Your description of the stars really grabbed me since, this evening, I was able to show my youngest child Jupiter and its Galilean moons for the first time, through my telescope. Orion stood on the horizon, bearing witness with his arms stretched up towards the great planet. Somehow, looking up at these stars unites us.

Above all, I'm really grateful that you've shared this experience with us, riding out the humbling intensity as you did. Wishing you every strength in integrating those messages meaningfully into your everyday life. <3

PS - repeated rue use does indeed appear to build its power, whether this is inverse tolerance or, to put it another way, learning its language.
 
Something that struck me is that 4g of rue could, by itself, bring about a deep and challenging experience. It seems that your addition of that small amount of "thinking of each other" tree was sufficient to throw quite the light onto a situation already brimming with transformative potential.

Not sure if this was a typo, but in choosing 'lie' over 'life' it's a matter of getting the f out, eh? :)

Your description of the stars really grabbed me since, this evening, I was able to show my youngest child Jupiter and its Galilean moons for the first time, through my telescope. Orion stood on the horizon, bearing witness with his arms stretched up towards the great planet. Somehow, looking up at these stars unites us.

Above all, I'm really grateful that you've shared this experience with us, riding out the humbling intensity as you did. Wishing you every strength in integrating those messages meaningfully into your everyday life. <3

PS - repeated rue use does indeed appear to build its power, whether this is inverse tolerance or, to put it another way, learning its language.

I noted that typo also and left it as I had never noted that Life minus F equals lie. I am into phonetics, etymology, and Synchromysticism (I am taken a aback hat I spelled that right the first time heh) which led me to keep it as it came through. You nail it in the only way out of a lie is to get the f out of it. When one factors in complex trauma, complex emotions, and the rest of it it isn't always an easy task clearly.

The medicine has been with me today which hasn't been an easy day by any means. Work was a doozy as was having to continue the purgative process for lack of better descriptor. You're entirely correct however oddly enough each and every time I dosed 3-5g of rue alone after a dozen or so plus sessions nothing really happened. I asked myself: Did the potency return from to the aether from which it came? What could possibly yield such starkly contrastive experiences upon consumption of the same dose / same batch as all previous sessions?

Perhaps it's that the acacia was needed to be added as I had received what I needed from the Rue alone. Can't say for sure but am certainly happy that last night went well even though it was beyond difficult to have to accept brutal truth.

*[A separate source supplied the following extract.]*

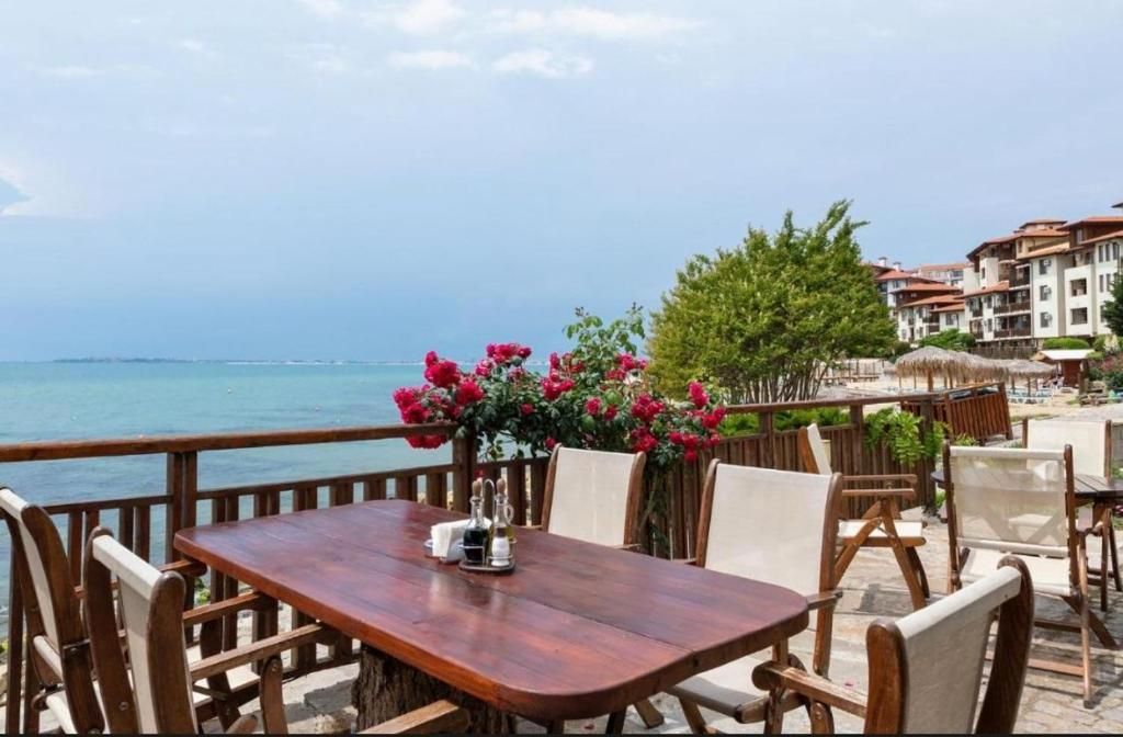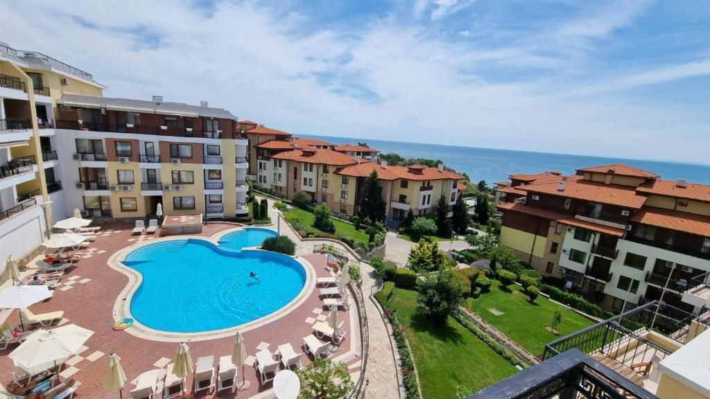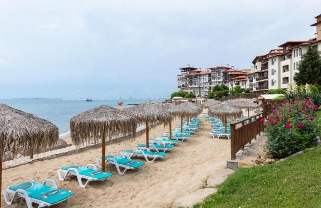 Прекрасен ваканционен апартамент (68 кв. м) в к-с Райска градина, на първа линия до плажа в Св. Влас, с красив изглед към морето и басейните в комплекса.

The quote of the sage delighting in the same waters in which the schizophrenic drowns comes to mind in life from time to time particularly when brought to states psychologically which those before me too have delved. Despite the challenge of my life I have to count my lucky stars for so far having the capacities of not ending up in an unfortunate state which others have sadly landed in. I used to know one who had a single entheogenic experience which caused him to completely lose his mind.

No doubt you're right. A researcher I've studied mentioned that if Orion for instance came out once per year the lot of us would come out to enjoy it. But since it's out every night very few ever acknowledge it whatsoever not to mention city lights which dilute the brilliance of the planets/stars profoundly. Thanks for sharing as I was too focused on Jupiter for quite some time last night. Have you ever noted the phenomenon of a planet/star "moving" after staring without blinking for more than several seconds or sometimes less? It is bizarre especially when framed by my window which wasn't moving at all whilst Jupiter went on to move in varying patterns of up, down, left, right etc.

Thank you for your support and encouragement. I'm thankful for be a member of this community.